Tokyo is famous for a lot of things, and beautiful nature is definitely not one of them. When we get different quality of life rankings from (mostly) American expat consultancy groups we tend to hear how many square meters of parks there are per inhabitant in all major cities around the world and usually Chinese and Japanese cities rank at the rock bottom of those. In fact, the only Japanese city that I can think of that even comes close to having a reasonable amount of park space would be Nara, but even Nara can’t compete to European or North American cities.

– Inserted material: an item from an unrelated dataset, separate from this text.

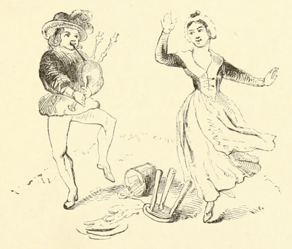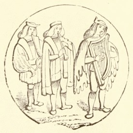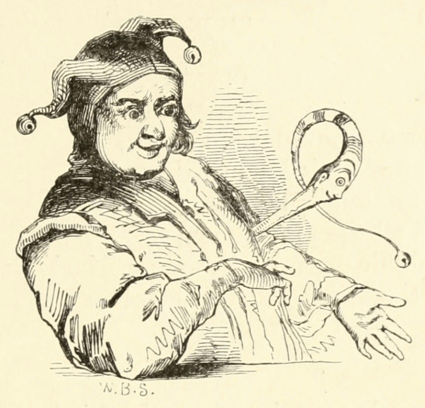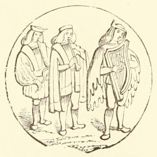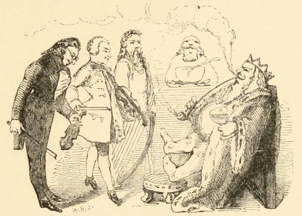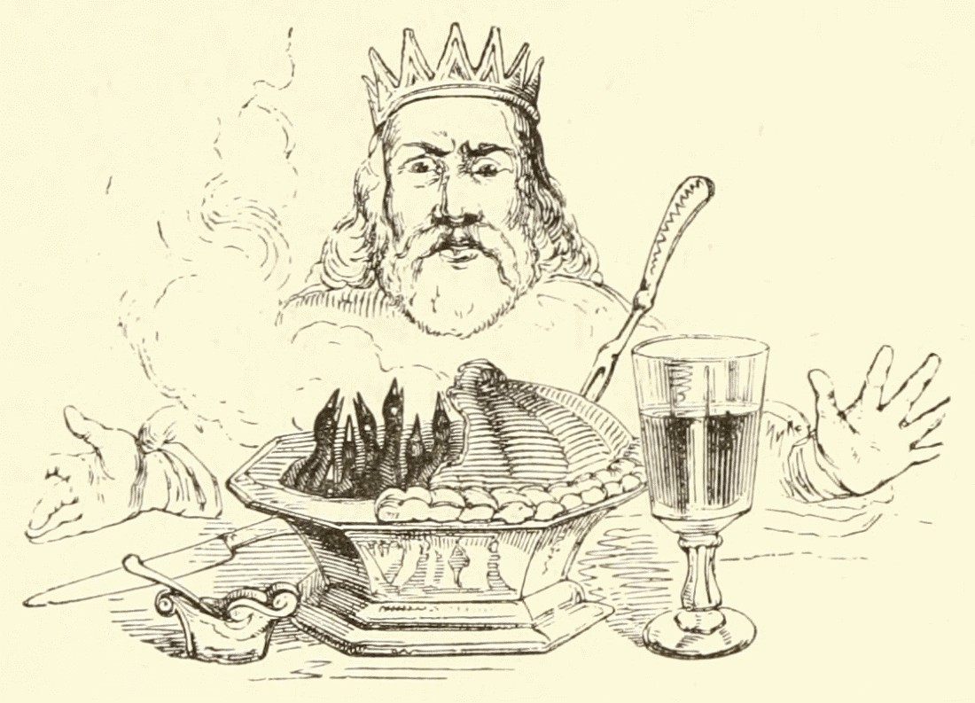 [The traditional Nursery Rhymes of England commence with a legendary satire on King Cole, who reigned in Britain, as the old chroniclers inform [page 2] us, in the third century after Christ. According to Robert of Gloucester, he was the father of St. Helena, and if so, Butler must be wrong in ascribing an obscure origin to the celebrated mother of Constantine. King Cole was a brave and popular man in his day, and ascended the throne of Britain on the death of Asclepiod, amidst the acclamations of the people, or, as Robert of Gloucester expresses himself, the "fole was tho of this lond y-paid wel y-nou." At Colchester there is a large earthwork, supposed to have been a Roman amphitheatre, which goes popularly by the name of "King Cole's kitchen." According to Jeffrey of Monmouth, King Cole's daughter was well skilled in music, but we unfortunately have no evidence to show that her father was attached to that science, further than what is contained in the foregoing lines, which are of doubtful antiquity. The following version of the song is of the seventeenth century, the one given above being probably a modernization:—

But park space per inhabitant is not all that counts my friends! One thing many of these rankings fail to consider is the travel distance from park to home, and if you consider that, there are major parks within 15 minutes on the bus or train from almost all Tokyo homes. I have one major park within walking distance (15 minutes on foot) and two other huge parks within 15 minutes on the train or subway. Not bad!

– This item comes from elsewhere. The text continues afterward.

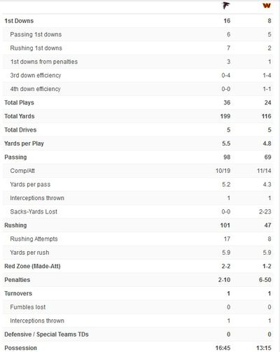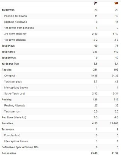 Atlanta ranked 11th on the season in rushing yards allowed at 112 per game, but over their most recent 3-game stretch, which included two victories, they had limited opponents to just 75 rushing yards per game (pretty much what Washington produced in this game).
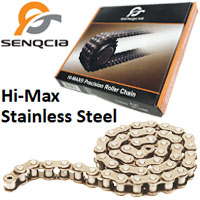 Pitch: 1", Roller Dia.: .625", Width Between Inner Plates: .625", 10Ft. Per Box, Riveted, Includes Connecting Link, Hi-Max - Economical High Performance Roller Chain Series. Stainless Steel - 304SS Offers Very Good Corrosion Resistance.

So, if you are in Tokyo and interested in experiencing a little bit of greenery, the place where you get most bang for your bucks is without doubt the Shinjuku Gyoen (新宿御苑). It is huge, and just walking through all of it will take qute some time. It is one of Tokyo’s imperial gardens but it was completely destroyed in May 1945 during the intense fire bombing of Tokyo at the end of the war. When it reopened in 1949 it was as a public park and it is now open most days of the year, during daytime hours only. One of the main attractions of the park is that it is actually not free to enter, you’ll have to pay 200 yen for the privilege. 200 yen is about half a Starbucks latte. In return, you get 58.3 acres of French, Japanese, English and Nature gardens divided in two Tokyo wards, Shibuya ward and Shinjuku ward. The Shinjuku Gyoen is easily one of the most well managed larger public parks in the world. As a photographer I often meet people interested in using the park as place for photo shoots, and although photography is allowed in the park, light stands and bouncers are not, unless you can find a way to do it undetected, which is not that hard if you are a little sneaky.
As I have stated many times on this blog, nature photography is absolutely not my thing and I think these pictures prove it. I shot these with my trusty old Nikkor 20mm f2.8 and put a POL-C filter on to get the sky properly. Interestingly, the large building in the last photo is the NTT Docomo Yoyogi Building which also happens to be the tallest clock tower in the world (right until the rather amazing Abraj Al Bait Towers in Mecca or completed). It is the third tallest building in Tokyo (at 240m) and despite the prime location it is closed to the public and used primarily as a technical installation for cell phone services in the greater Tokyo area. You can tell that it is modeled on the Empire State building in New York, following a grand tradition of building and places inspired by landmarks in the Big Apple.